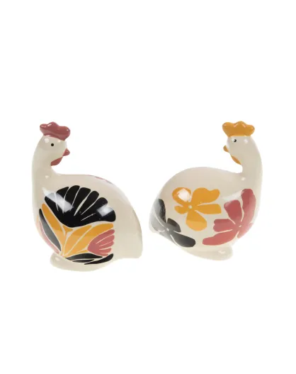 Set 2 parelhoenders Margot crème/ivoor - 16x15 cm
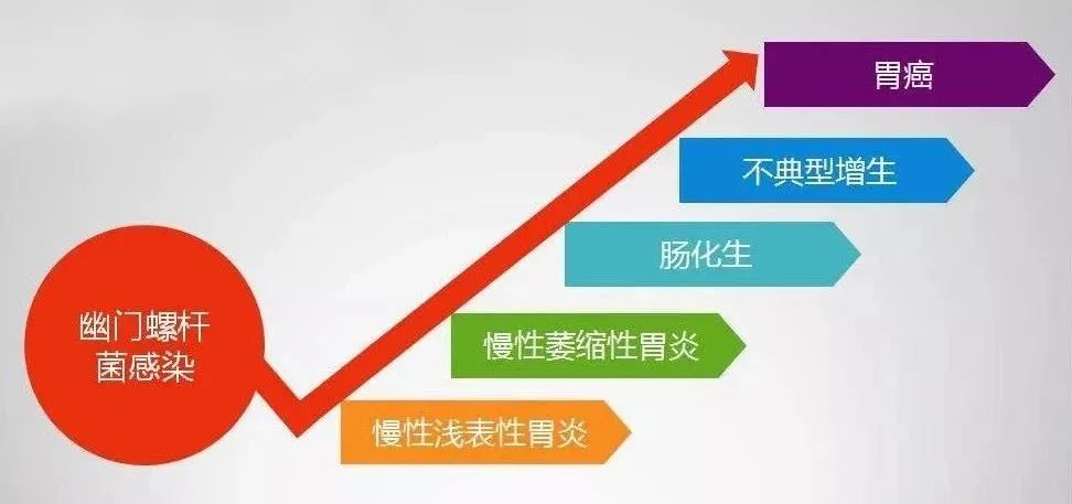 除了胃癌,幽门螺杆菌还能引起多种胃病。 几乎所有Hp感染者都有胃炎,主要可分为非萎缩性胃炎、萎缩性胃炎、淋巴细胞性胃炎等。其中,1%会转变为胃癌。 国际学术界公认胃炎癌变过程为:慢性胃炎—萎缩性胃炎—肠上皮化生—不典型增生—癌变。 Hp感染者中,大约15%~20%会患上胃溃疡、十二指肠球部溃疡等疾病。 约1%的Hp感染者会发生胃癌、胃黏膜相关淋巴组织淋巴瘤。 增生性胃息肉、胃黏膜肥大症等非常见胃病,以及缺铁性贫血、血小板减少症、维生素B12缺乏症等胃外疾病。
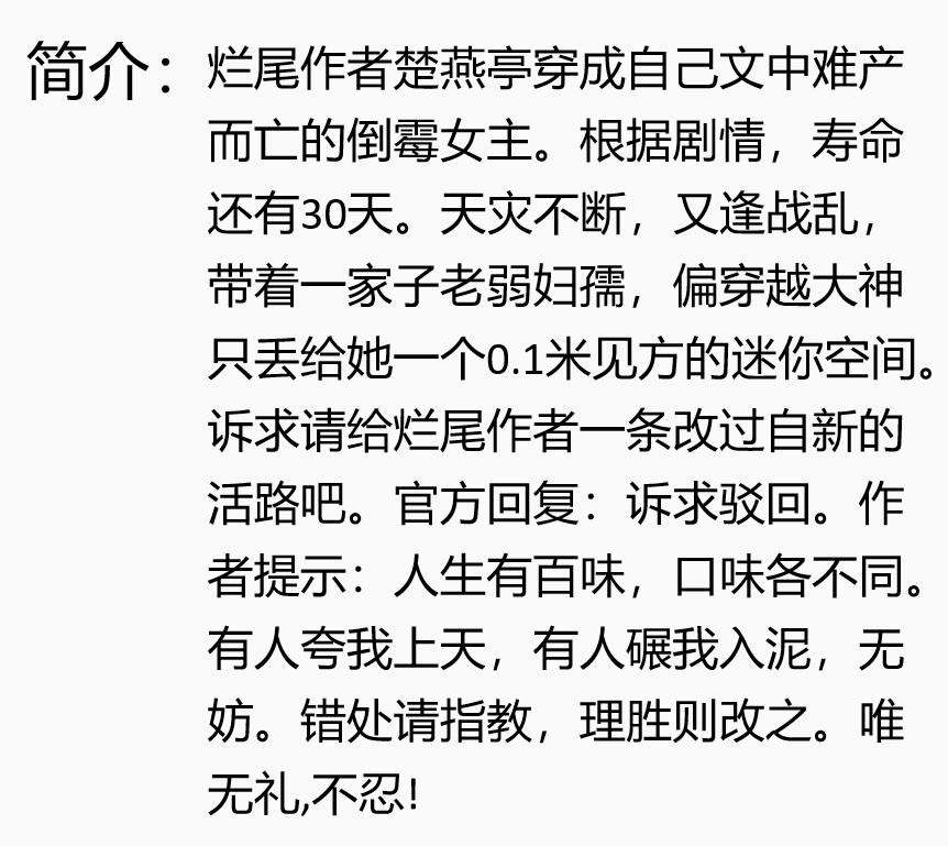精彩呈现:要说她那本《逃荒记》断更称不上,顶多算是‘烂尾’,断更一时爽,一直断更一直爽,断着断着就不想再更新了,索性把她那本才写了不到五万字的小说女主给直接写死。
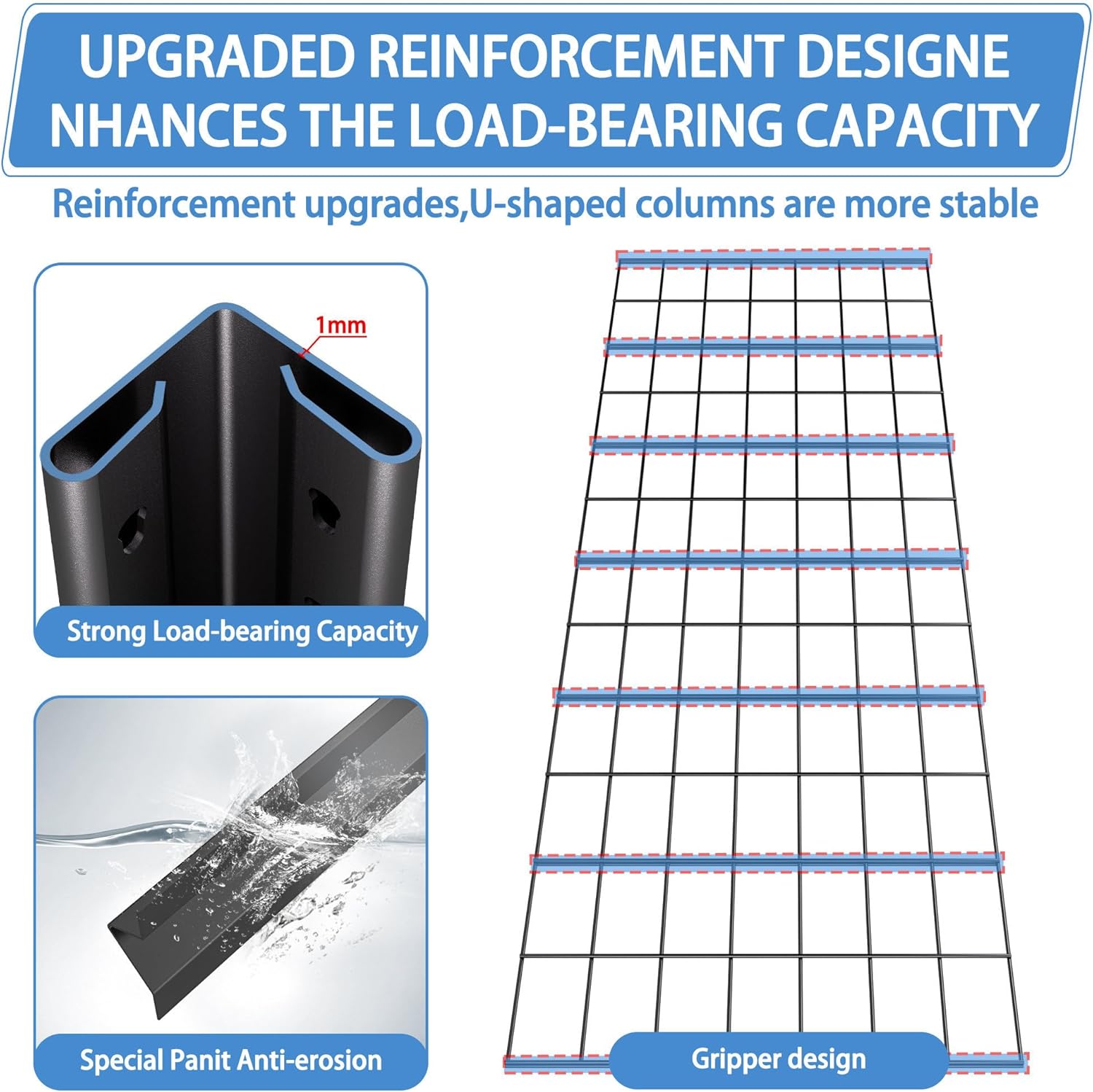 - Wire Mesh Shelves – Breathable & Moisture Resistant: Each shelf features a durable steel wire grid design that allows air to flow freely, helping prevent moisture buildup, dust collection, and odor. Perfect for storing tools, gear, or pantry items in garages, basements, or utility rooms.
__________________________________________________
■ **Exercise requirements**:
A verbatim copy of the data, with all pictures omitted, is the required output.

■ **Exercise answer**:
 Set 2 parelhoenders Margot crème/ivoor - 16x15 cm
 除了胃癌,幽门螺杆菌还能引起多种胃病。 几乎所有Hp感染者都有胃炎,主要可分为非萎缩性胃炎、萎缩性胃炎、淋巴细胞性胃炎等。其中,1%会转变为胃癌。 国际学术界公认胃炎癌变过程为:慢性胃炎—萎缩性胃炎—肠上皮化生—不典型增生—癌变。 Hp感染者中,大约15%~20%会患上胃溃疡、十二指肠球部溃疡等疾病。 约1%的Hp感染者会发生胃癌、胃黏膜相关淋巴组织淋巴瘤。 增生性胃息肉、胃黏膜肥大症等非常见胃病,以及缺铁性贫血、血小板减少症、维生素B12缺乏症等胃外疾病。
精彩呈现:要说她那本《逃荒记》断更称不上,顶多算是‘烂尾’,断更一时爽,一直断更一直爽,断着断着就不想再更新了,索性把她那本才写了不到五万字的小说女主给直接写死。
 - Wire Mesh Shelves – Breathable & Moisture Resistant: Each shelf features a durable steel wire grid design that allows air to flow freely, helping prevent moisture buildup, dust collection, and odor. Perfect for storing tools, gear, or pantry items in garages, basements, or utility rooms.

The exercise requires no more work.